TASK BRIEF. All of the data that follows should be output again without any alteration.

INFORMATION SUPPLIED.
--*--

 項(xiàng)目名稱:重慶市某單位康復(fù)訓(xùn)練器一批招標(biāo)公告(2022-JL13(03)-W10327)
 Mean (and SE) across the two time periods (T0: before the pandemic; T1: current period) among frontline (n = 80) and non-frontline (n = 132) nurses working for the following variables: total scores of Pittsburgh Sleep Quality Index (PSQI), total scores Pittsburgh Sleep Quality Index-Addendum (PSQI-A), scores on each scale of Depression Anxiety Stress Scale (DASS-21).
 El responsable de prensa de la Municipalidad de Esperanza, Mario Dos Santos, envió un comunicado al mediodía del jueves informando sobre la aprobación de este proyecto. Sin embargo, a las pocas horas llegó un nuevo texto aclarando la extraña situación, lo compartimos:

--*--

ANSWER SPACE.
 項(xiàng)目名稱:重慶市某單位康復(fù)訓(xùn)練器一批招標(biāo)公告(2022-JL13(03)-W10327)
 Mean (and SE) across the two time periods (T0: before the pandemic; T1: current period) among frontline (n = 80) and non-frontline (n = 132) nurses working for the following variables: total scores of Pittsburgh Sleep Quality Index (PSQI), total scores Pittsburgh Sleep Quality Index-Addendum (PSQI-A), scores on each scale of Depression Anxiety Stress Scale (DASS-21).
 El responsable de prensa de la Municipalidad de Esperanza, Mario Dos Santos, envió un comunicado al mediodía del jueves informando sobre la aprobación de este proyecto. Sin embargo, a las pocas horas llegó un nuevo texto aclarando la extraña situación, lo compartimos:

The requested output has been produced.